Just under 4 out of 10 of those in Scotland voted to leave the EU. Just over 5 out of 10 did so in England. Despite the rhetoric of division, the difference between the nations wasn’t stark. Communities in Glasgow’s East End – including Parkhead, Easterhouse and Shettleston – were amongst the highest proportion of Leave voters in the country. As Kezia Dugdale also stated: “we are not immune to the deep divisions that made people vote Leave in England and Wales”.

With this in mind, the Europhile argument for Scottish independence is unlikely to be convincing within these communities.
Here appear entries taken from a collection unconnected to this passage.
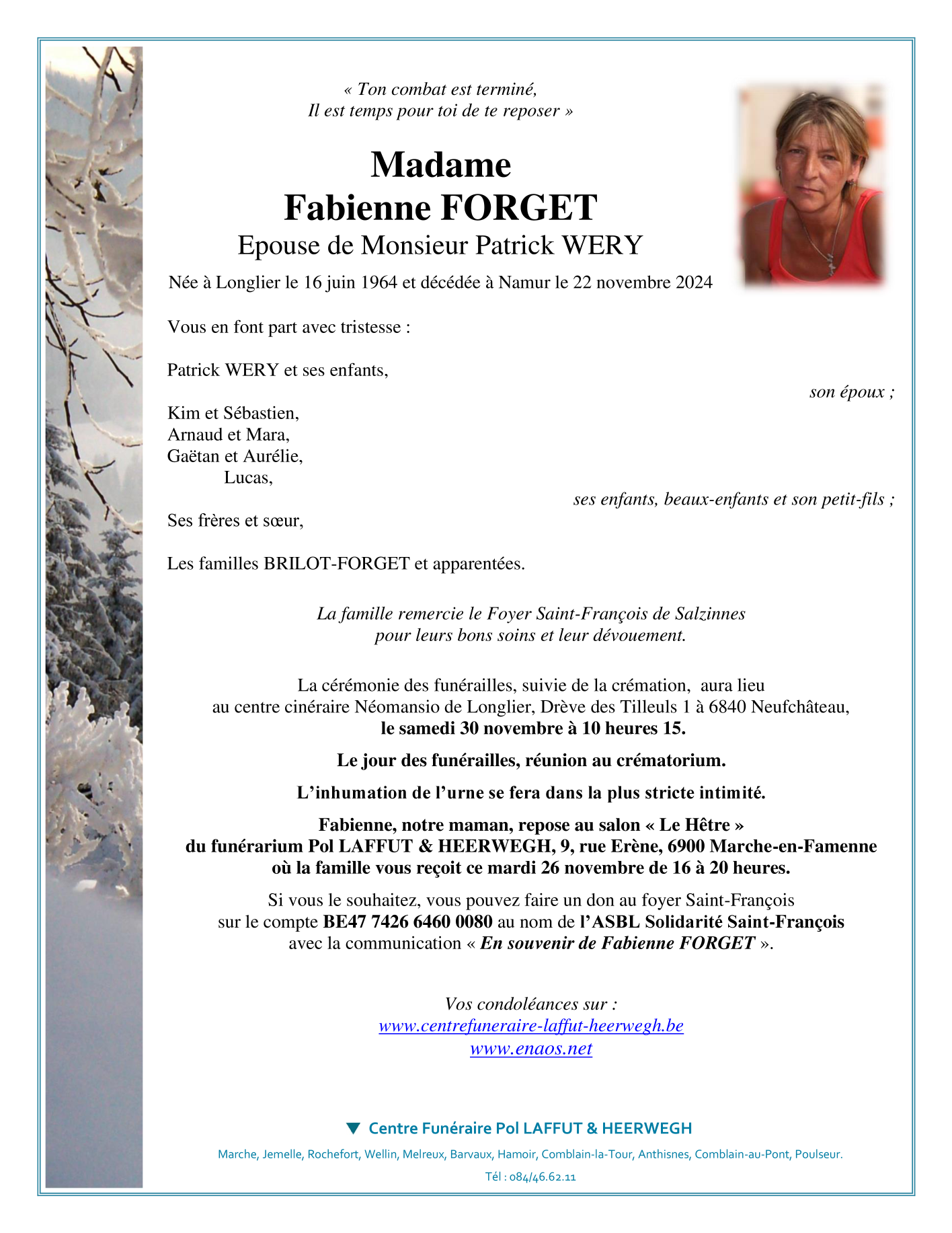 Décédée à Namur (5000) le samedi 23 novembre 2024 à l'âge de 60 ans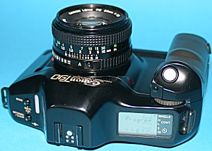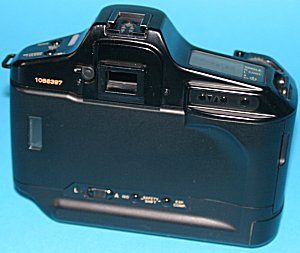 Technische Daten: Erscheinungsjahr: 1986 Typ: einäugige Spiegelreflexkamera Verschluss: Vertikal ablaufender Metallschlitzverschluss, elektronisch gesteuert Verschlusszeiten: 1/4000 bis 30 s, B Sucher: fest eingebauter Prismensucher Sucheranzeige: Digitale Leuchtanzeigen für Blende/Verschlußzeit Bedienungs- und Funktionsfehler mit <<EEEE>> und <<HELP>> "M" für manuell "*" für Meßwertspeicherung bei Selektiv- und Spotmessung Belichtungskorrektur mit +/- Punkt und 7-Segment-LCD-Digitalanzeige für Mehrfachspotmessung, Helllicht-/Schattenkorrektur, verbleibende Aufnahmen Blitzbereitschaftsanzeige und Blitzmesswertspeicherung Einstellscheibe: Standardsucherscheibe mit Schnittbildindikator und Mikroprismenring 7 weitere wechselbare Scheiben als Zubehör Messsystem: Mittenbetonte Integralmessung, Selektiv- oder Spotmessung Filmempfindlichkeit: ISO 6 - 6400, manuell oder DX-Codierung Belichtungssteuerung: Standard- und Varioprogrammautomatik mit 7 Programmen Blenden- und Zeitautomatik mit Overridefunktion Arbeitsblenden-Zeitautomatik Blitzautomatik Manuell Belichtungskorrektur: +/- 2 Stufen in 1/3 Schritten +/- 4 Stufen in 1/2 Schritten bei Helllicht-/Schattenkorrektur Blitzsynchronisation: 1/250 s Weitere Merkmale: Automatische Filmeinfädelung und automatischer Filmtransport mit bis 5 Bildern/s Großer LCD-Monitor an der Kameraoberseite, zur Kontrolle aller wichtigen Einstellungen Elektronikeinstellrad Maße: 151,1 x 121 X 69,4 mm Gewicht: 800 g | |||||||||||||||||||||||||||||||||||||||||||||||||||||||||||||||||||||||||||||||||||||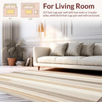 Ultra Soft Area Rug, Non Slip, Stain Resistant, Washable Area Rugs for Living Room, Bedroom, Artistic Area with Unique Textured Stripes in Earthy Beige Shades(Beige) Overview: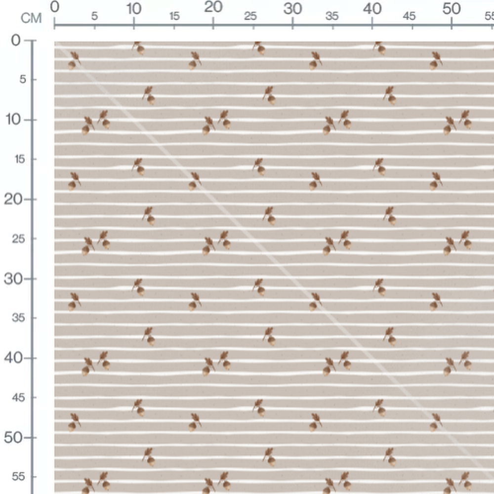Les glands sont accompagnés de petites feuilles marron. Le fond présente des rayures alternées beige et blanc, créant un motif doux et naturel.Les tissus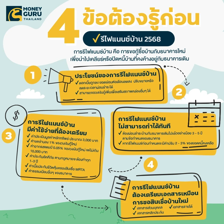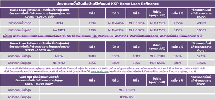 - อัตราดอกเบี้ยที่แท้จริง (EIR) สินเชื่อบ้านรีไฟแนนซ์ปัจจุบัน อยู่ระหว่าง 4.54% - 4.65% ต่อปี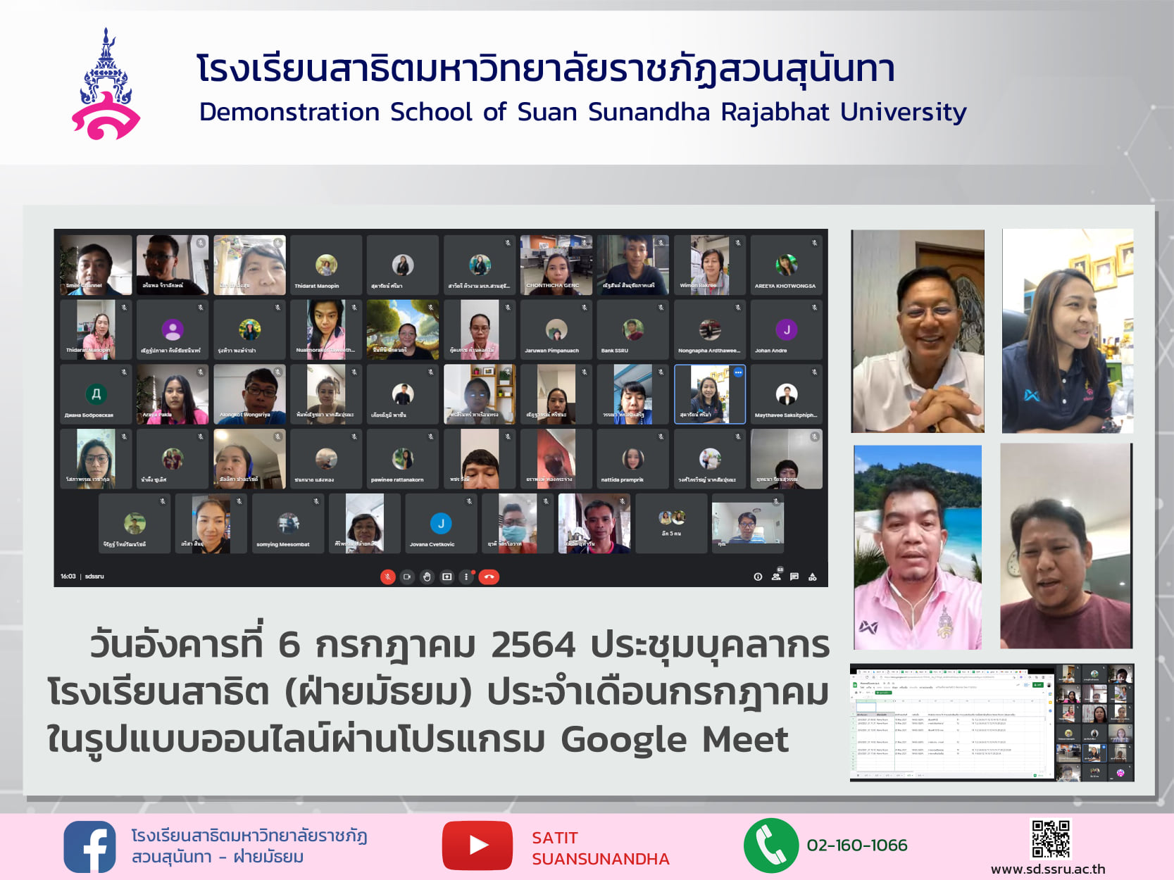 วันอังคารที่ 6 กรกฎาคม 2564 เวลา 16.00 น. โรงเรียนสาธิตมหาวิทยาลัยราชภัฏสวนสุนันทา (ฝ่ายมัธยม) ประชุมบุคลากรโรงเรียนประจำเดือนกรกฎาคม โดย รศ.ดร.สมเกียรติ กอบัวแก้ว ผู้อำนวยการ เป็นประธานในการประชุม โดยมีการชี้แจงการปฏิบัติราชการในเดือนกรกฎาคม การจัดการเรียนการสอนออนไลน์ นักเรียนที่ได้รับทุนการศึกษา และนักเรียนแลกเปลี่ยน ให้แก่บุคลากรได้รับทราบ ประชุมในรูปแบบออนไลน์ ผ่านโปรแกรม Google Meet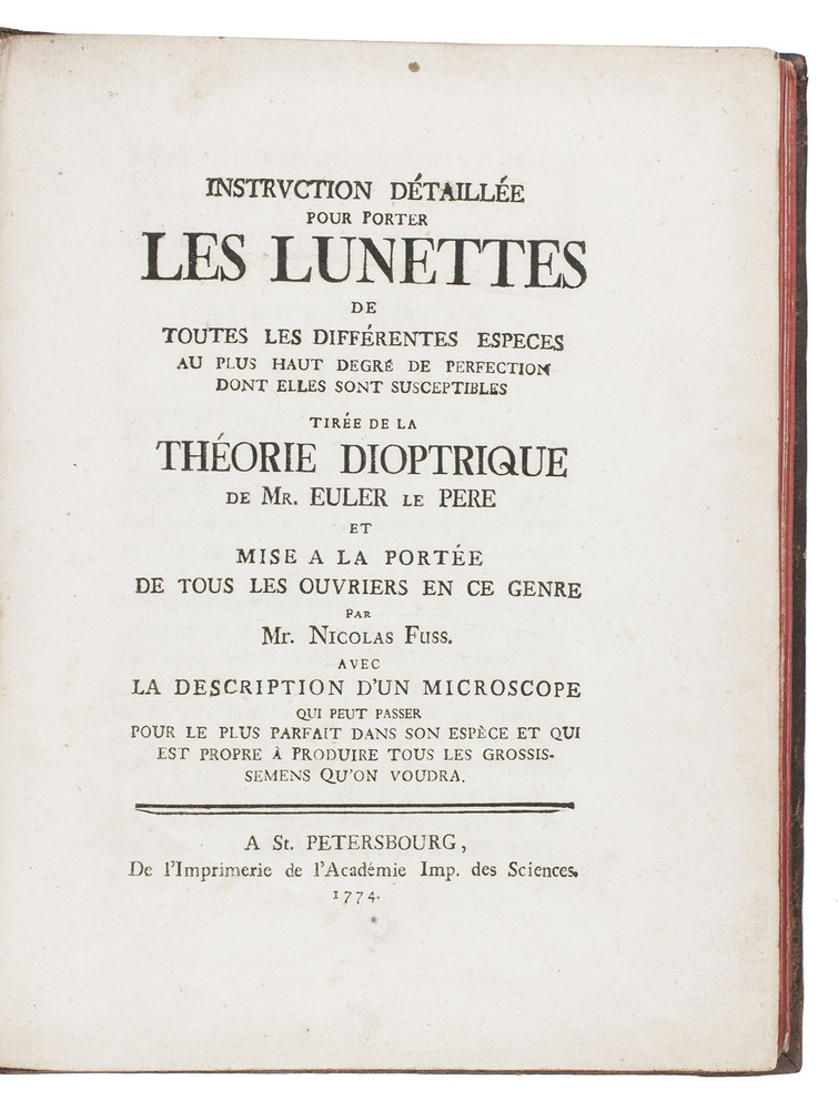 Instruction détaillée pour porter les lunettes de toutes les différentes especes au plus haut degré de perfection dont elles sont susceptibles tirée de la théorie dioptrique de Mr. Euler le pere et mise a la portée de tous les ouvriers en ce genre. Avec la description dún microscope qui peut passer pour le plus parfait dans son espèce et qui est propre à produire tous les grossissemens qu'on voudra.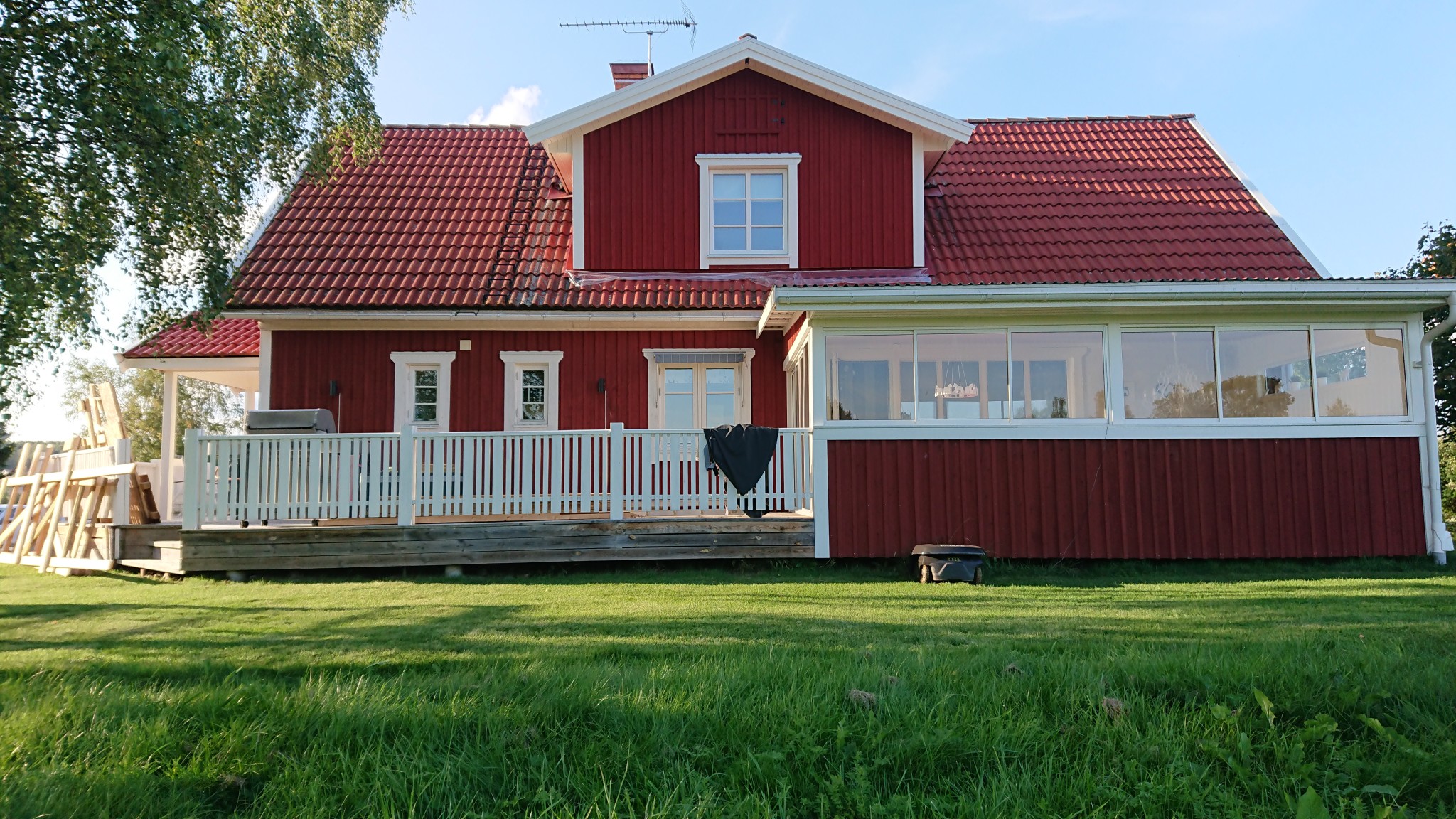 Varför är plasten kvar undrar den skarpsynte? Jo det ska dit en rad med lockläkt under fönstret och på med lite färg där och det är nog enklare att komma åt från stegen.

Existing Euroscepticism dampens the reaction Nicola wishes and threatens the swing she desires. If independence and self-determination is the name of the game, how do you also reconcile the pitch when it comes to arguing for aspects of supra-national control within the EU? If solidarity with the EU is one of your strongest suits, it is likely to fall flat here.

Mistrust of political classes

The resentment of the political classes isn’t likely to assist Nicola either. Fuelled by frustration with political institutions, the flak is also directed at Holyrood, not only at Brussels and Westminster. Whilst the Scottish Parliament and Government are trusted more than their UK counterparts and Nicola is the most popular political leader in the UK, will disadvantaged communities be willing to engage with the indyref2 pitch?

The First Minister has referenced that Leave voters were protesting about the effects of an “economic system that doesn’t work them” – but what is the different system she intends to advocate? She has spelled out that the Brexit vote was a reaction to long-term austerity, but with more powers, the Scottish Government has more opportunity than ever to offer redress.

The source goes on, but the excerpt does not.